La position dangereuse de l'OMS contre la cigarette électronique

Malgré les nombreuses études scientifiques en faveur de la cigarette électronique, l'Organisation mondiale de la santé (OMS) persiste à condamner son usage, allant même jusqu'à prôner son interdiction pure et simple.

Commercialisée en Europe depuis 2006, la cigarette électronique a fait l'objet de multiples tests pour répondre au scepticisme sur son éventuelle nocivité. Aujourd'hui, avec près de 10 années de recul sur le phénomène, l'opinion scientifique est unanime sur la question : l'e-cigarette, comme les autres produits du tabac sans combustion, présente considérablement moins d'effets négatifs sur le long terme que la cigarette traditionnelle. Ces derniers « n'excèdent vraisemblablement pas 5 % de ceux provoqués par la fumée du tabac », ont conclu les experts du Collège royal des physiciens (RCP) de Londres dans leur rapport intitulé « La nicotine sans la fumée : réduction des méfaits du tabac », publié en avril 2016. Déjà en août 2015, l'établissement de santé publique d'Angleterre (Public Health England) avait constaté un avantage dans les mêmes proportions, statuant que les cigarettes électroniques étaient 95 % moins nocives que le tabac.

Quasiment inoffensive pour la santé, l'e-cigarette constitue surtout un substitut efficace contre le tabac, qui tue chaque année près de 78 000 personnes en France. Grâce à elle, plus de 6 millions de personnes en Europe auraient cessé de fumer des cigarettes traditionnelles en 2014, dont 400 000 en France et plus d'1,1 million au Royaume-Uni, d'après une étude réalisée par la Commission européenne et publiée en juin 2016 par le magazine britannique Addiction.

Dans le même temps, 9 millions d'Européens auraient diminué leur consommation de tabac, dont plus d'un tiers grâce à la cigarette électronique. Son intérêt dans la lutte anti-tabac est donc prouvé, d'autant qu'elle ne constitue pas une passerelle vers le tabagisme, plus de 99 % des vapoteurs étant déjà fumeurs au préalable. « Les preuves démontrent de manière constante que les cigarettes électroniques sont un autre outil pour arrêter de fumer », estime Ann McNeill, professeur au King's College de Londres, qui a participé à l'étude du Public Health England. « Ma lecture des preuves est que les fumeurs qui se tournent vers le vapotage éliminent presque tous les risques que le tabagisme présente pour leur santé », concourt Peter Hajek, professeur à la Queen Mary University de Londres.

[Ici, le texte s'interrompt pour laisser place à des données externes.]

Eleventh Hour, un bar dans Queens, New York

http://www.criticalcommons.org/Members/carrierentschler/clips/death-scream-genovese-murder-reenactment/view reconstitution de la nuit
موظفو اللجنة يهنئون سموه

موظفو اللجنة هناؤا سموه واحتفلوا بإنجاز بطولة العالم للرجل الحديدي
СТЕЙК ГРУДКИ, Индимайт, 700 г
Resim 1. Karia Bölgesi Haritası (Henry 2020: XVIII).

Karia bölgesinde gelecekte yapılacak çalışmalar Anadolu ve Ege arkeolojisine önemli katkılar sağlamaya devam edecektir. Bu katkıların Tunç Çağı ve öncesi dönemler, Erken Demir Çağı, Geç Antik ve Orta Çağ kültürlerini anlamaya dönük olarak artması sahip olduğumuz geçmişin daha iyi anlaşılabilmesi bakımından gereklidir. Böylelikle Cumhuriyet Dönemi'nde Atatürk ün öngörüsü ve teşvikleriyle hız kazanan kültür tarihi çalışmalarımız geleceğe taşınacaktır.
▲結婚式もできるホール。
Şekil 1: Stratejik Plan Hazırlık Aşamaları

Répression plutôt que prévention : l’OMS choisit la facilité au détriment de l’efficacité

En dépit de l'avis unanime de la communauté scientifique sur la question, un organisme de référence s'entête à combattre la cigarette électronique : l'OMS, dont la directrice générale, Margaret Chan, est la plus farouche opposante. En mars 2015, cette dernière a ainsi déclaré lors de la conférence mondiale sur le tabac et la santé à Abu Dabi que « tous les gouvernements devaient interdire les e-cigarettes ou tout appareil de libération électronique de nicotine ».

Pour le moins choquante, son invective résume la position de l'OMS, connue pour être particulièrement réfractaire aux pratiques novatrices. Fondé en 1948 sous l'égide de l'ONU, l'organisme aux 194 pays-membres n'a consacré qu'une seule page à la cigarette électronique dans son rapport de 200 pages sur le tabac, paru en 2015. Si les effets positifs des produits du tabac sans combustion n'y sont évoqués à aucun endroit, l'OMS recommande en revanche à leur égard une réglementation ‒ voire une interdiction ‒ au même titre que les cigarettes traditionnelles.

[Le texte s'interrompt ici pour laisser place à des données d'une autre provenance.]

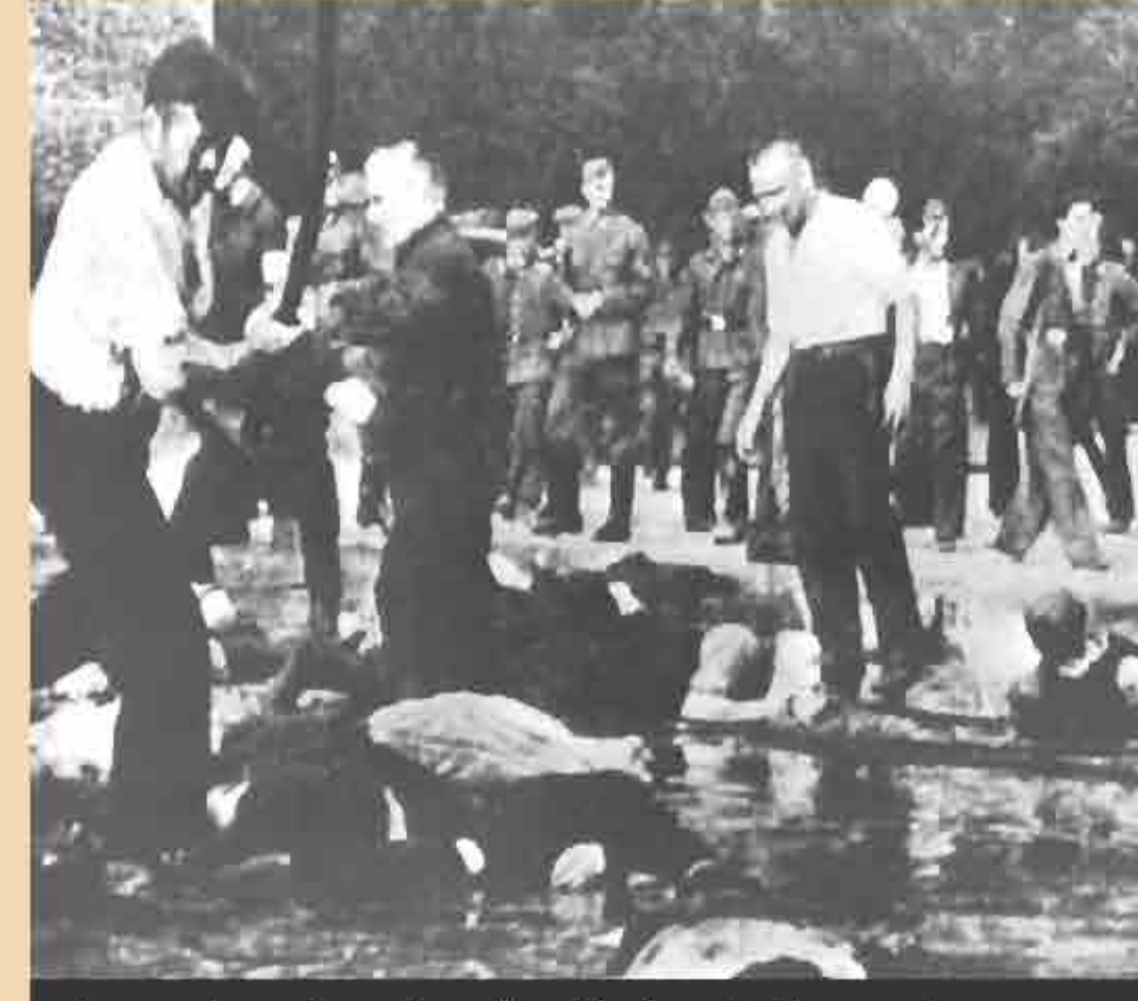
Jews beaten to death by Lithuanian civilians, under German supervision, Kovno, June 28, 1941.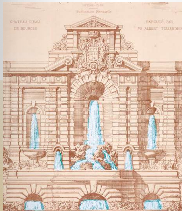
Dominique Blais. Étude pour L'écoulement, 2024. ©Dominique Blais

🌐 SITE WEB : antrepeaux.net | ville-bourges.fr/site/chateau-eau

Davantage favorable aux mesures répressives, l'organisme basé à Genève semble ignorer aveuglément l'utilité de la cigarette électronique dans la prévention contre le tabagisme. Un tel déni n'est pas sans conséquence : il risque de provoquer un effet pervers sur le comportement des fumeurs, incités à maintenir leur consommation de cigarettes traditionnelles plutôt que d'adopter une méthode alternative.

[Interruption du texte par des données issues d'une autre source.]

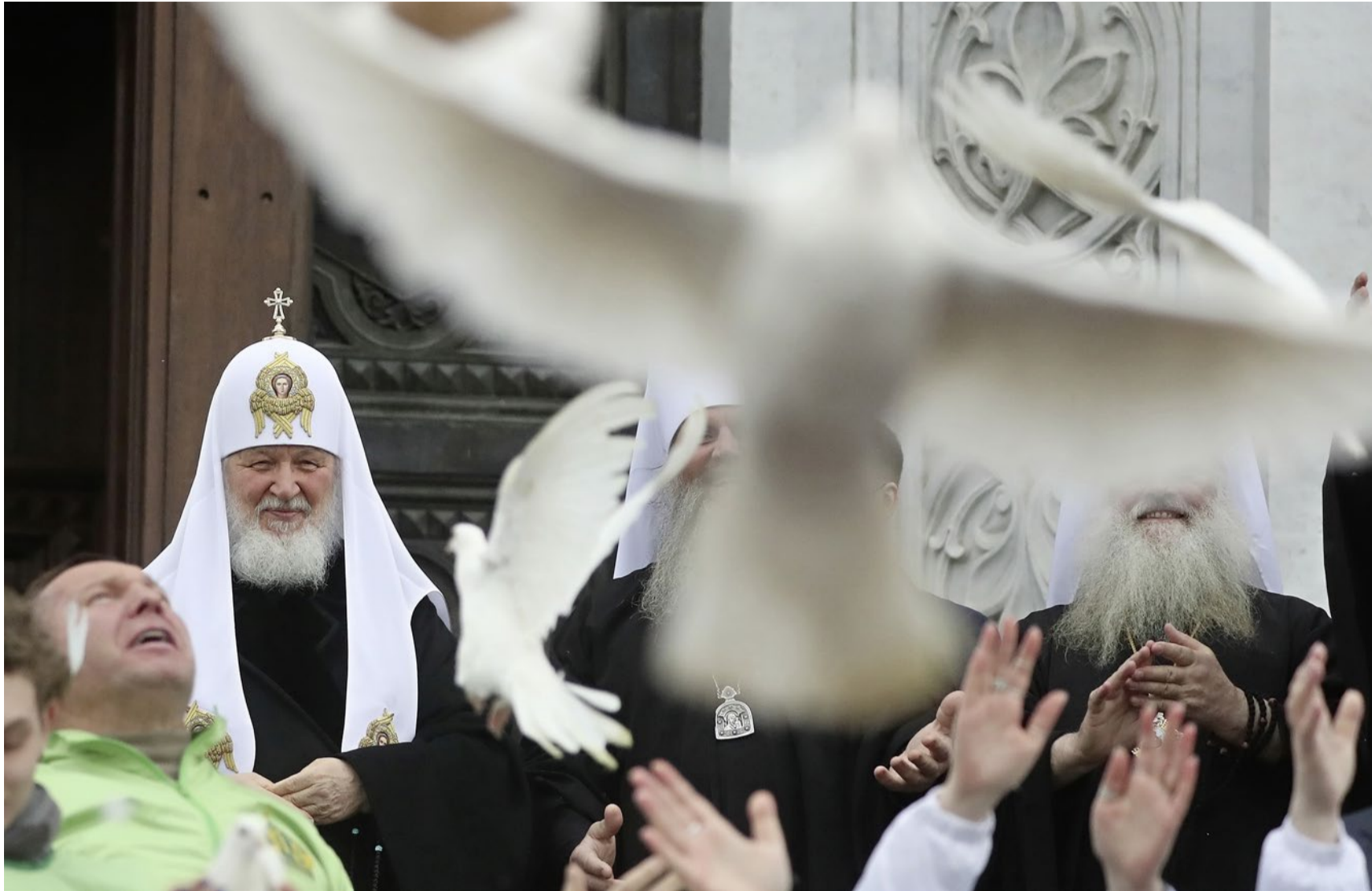
Alles andere als ein Friedensstifter: Patriarch Kyrill, Oberhaupt der Russisch-Orthodoxen Kirche, unterstützt Putins Angriffskrieg.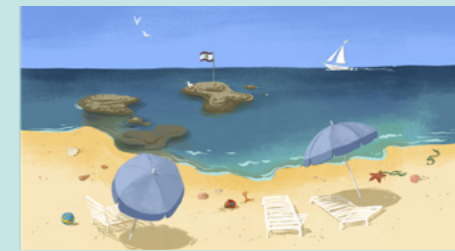
LIEU : la plage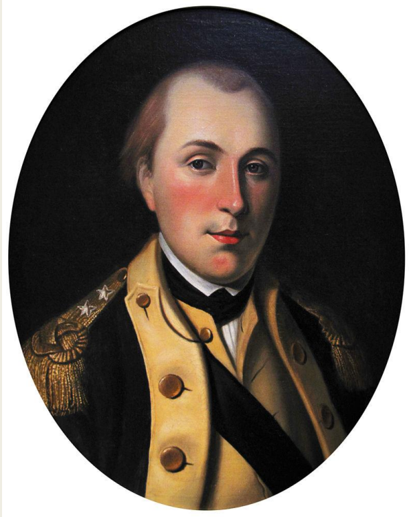
Le marquis de Lafayette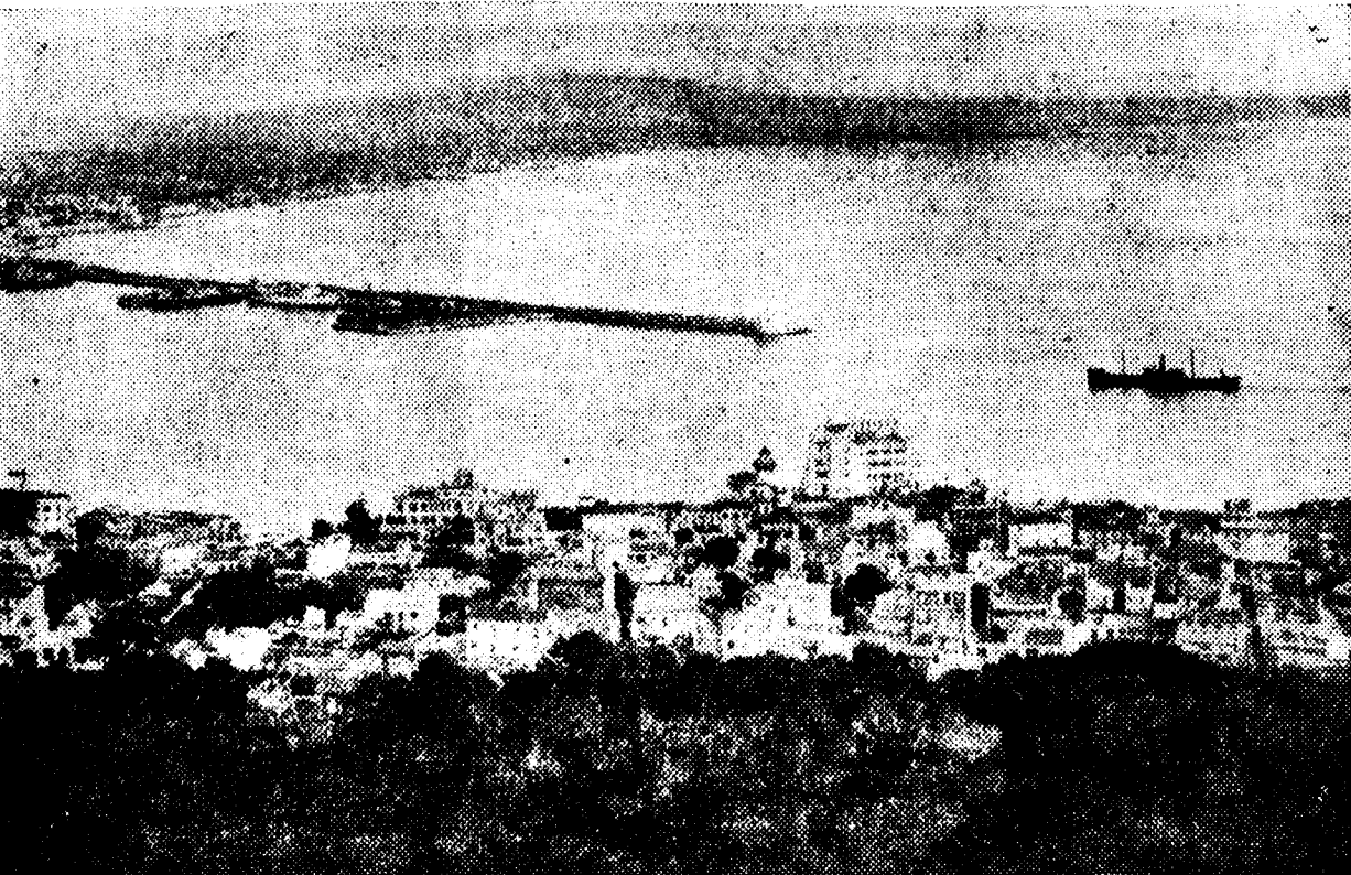
En Londres se asegura que Haile Selassie, a su regreso de Ginebra, residirá por algún tiempo en Mallorca. La belleza de la isla con sus bahías de amplio panorama, el atractivo de su clima y el prestigio de sus incomparables grutas, justifica, en verdad, la supuesta decisión del Negus

Entre las numerosas ceremonias celebradas en Londres con motivo del cumpleaños del rey de Inglaterra, Eduardo VIII, han revestido singular atractivo los desfiles militares. Las tropas de la guarnición londinense, vestidas con traje de gala, vistosas de colorido y espectaculares en su marcial formación, marchan a Palacio después de haberse concentrado para ser revistadas por el soberano. Y todo el recorrido a parece flanqueado por una doble multitud, que saluda con entusiasmo el paso de los soldados

Très critiquée pour son conservatisme, l'OMS connaît décidément des mois agités. Rappelons que l’an dernier, un rapport d'enquête de l’ONU a révélé une augmentation de 66 % des demandes d'investigation concernant des actions suspectes en interne, ainsi qu'une hausse de 166 % des cas de fraudes en 2015. À quelques mois de l'élection du prochain directeur général en mai 2017, Margaret Chan doit donc impérativement corriger le tir pour espérer dissiper le manque de transparence autour de son organisation, qui gère chaque année plus de 2,5 milliards de dollars. Et retirer les œillères d'une femme qui peine à vivre avec son époque.